Latest on the Clean Water Rule Litigation

What’s the latest on the Clean Water Rule litigation?  Jon Devine of NRDC is helping us keep it all straight. Read his update below.
As a starting point, there is a lack of agreement amongst the parties and some uncertainty about whether challenges to the rule are supposed to be filed in the first level of the federal courts (“district courts”) or the intermediate level (“circuit courts”).  Given that, virtually all of the parties challenging the rule have filed both in the circuits and the district courts.  The result is that there have been 16 circuit court challenges filed in 8 courts, and 15 district court challenges filed in 13 courts.

So, what has happened?

All of the challenges filed in circuit courts were consolidated  — as federal rules require — in the U.S. Court of Appeals for the 6th Circuit (which was selected by lottery).  The district court cases followed varied paths.  Some were put on hold while the government asked a special federal body — the Panel on Multidistrict Litigation — to transfer and consolidate the cases in a single location.  Others were dismissed or requests for stays of the rule were rejected on the ground that the 6th Circuit is the only court with authority to hear the cases.  One — in the District of North Dakota — granted a stay of the rule until the case can be fully heard; that stay applied to the 13 states that sued in that court.

Since the North Dakota stay, a few major things happened.  First, the states that filed in the Southern District of Georgia have appealed that court’s decision that it lacks authority to decide the case; that case is pending in the U.S. Court of Appeals for the Eleventh Circuit.  Second, after challengers sought a stay from the Sixth Circuit and also asked that court to dismiss the cases because they believe the challenges belong in the district courts, the Sixth Circuit ordered briefing on both a stay and its authority to hear the case, in that order.  Unfortunately, the 6th Circuit decided a week and a half ago that a stay is appropriate, at least until it resolves the question of which court should hear the cases.  Third, the Multidistrict Litigation Panel rejected the government’s request to transfer and consolidate all the district court cases, leaving those to proceed forward.

What comes next?

This is very difficult to predict.  Some parties may challenge the 6th Circuit’s stay as inappropriate, especially prior to ruling on its authority to hear the case in the first instance.  The Sixth Circuit will have a hearing about the authority question on December 8th, after which it could decide it has the authority to hear the case and — barring some other challenge — will presumably keep the stay of the rule in place until it ultimately decides the actual legal issues in the case.  If the 6th Cir. decides it’s the right place, I expect at least some of the district courts will either indefinitely postpone their cases or dismiss them, but some probably won’t.  The court in North Dakota, for instance, has already determined that the district courts should have these cases, so I expect that case will continue on.  Also, the Eleventh Circuit could decide that the Georgia case was wrongly decided and that the district courts have authority to hear the case, in which case at least that Georgia litigation will continue.  If the Sixth and Eleventh Circuits disagree about which level of the courts is the right one for these challenges, I would not be surprised if the government or some challengers, or both, ask the Supreme Court to resolve the question.

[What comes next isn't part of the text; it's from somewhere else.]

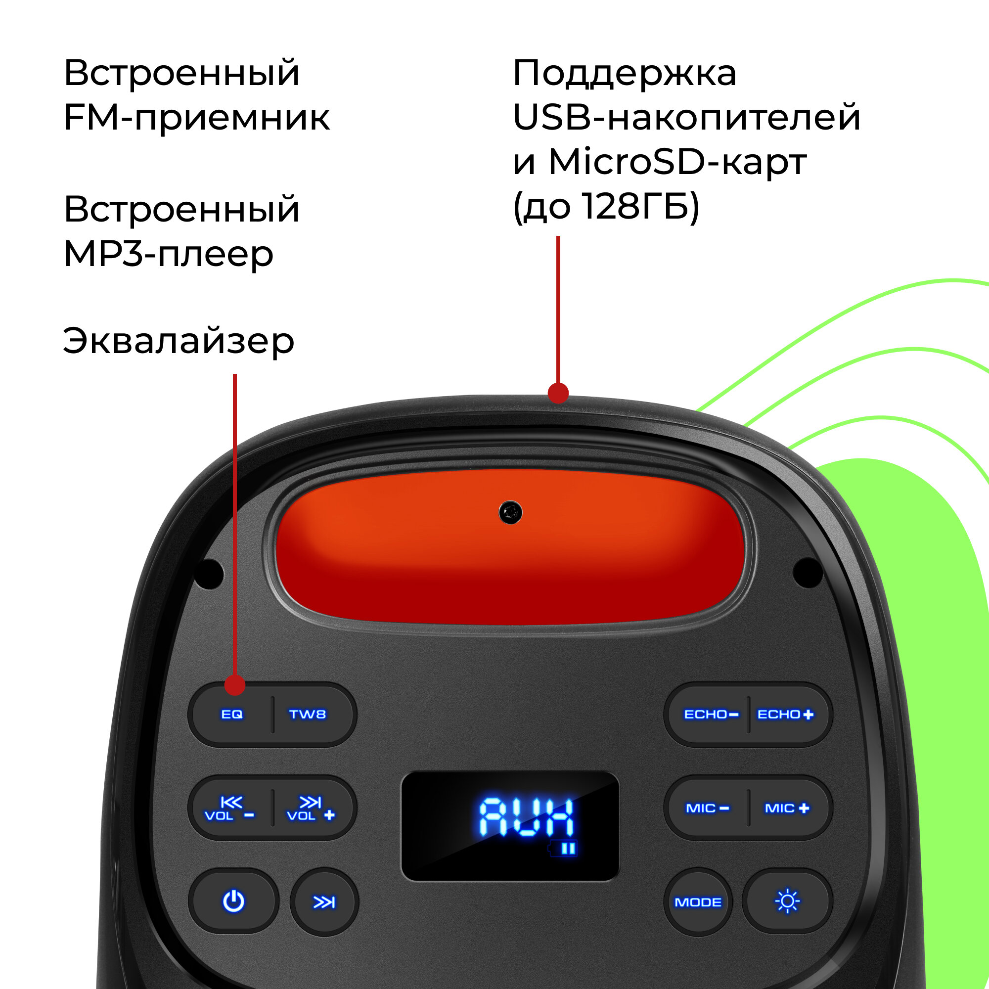 | Особенности | FM-радио / дисплей / караоке / поддержка microSD / световые эффекты |

At least while the stay is in place, the agencies can’t enforce the rule, so jurisdictional determinations and enforcement cases for the time being will need to be based on the pre-rule guidelines from the Bush administration.  However, I can’t think of any reason that the agencies couldn’t continue to prepare for the rule to be enforced if/when it is upheld in court.

What’s the big picture?

In light of all of this, the major takeaway — in my opinion — is that we’re a long way from getting to final resolution of the legal issues in the cases.  For now, we’ve had a lot of preliminary wranglings, but only a couple of them have considered the core legal issues, and even those were tangential and based on a less-than-complete record and less-than-robust briefing.  This is a long way from lost.  When the smoke clears, I remain confident that the rule’s central provisions — those based on the enormous scientific record and grounded in the Supreme Court’s decisions — will be upheld.

Futhermore, EPA officials have also expressed their confidence in the science and legal foundation of the rule, and are working with the Corps in the interim to make sure the connectivity science and the transparency/jd/NJD posting improvements agreed to will move forward.  This means we should be able to to better document jds/njds under the pre-rule scenario and hopefully hold the Corps and EPA more accountable for better determinations.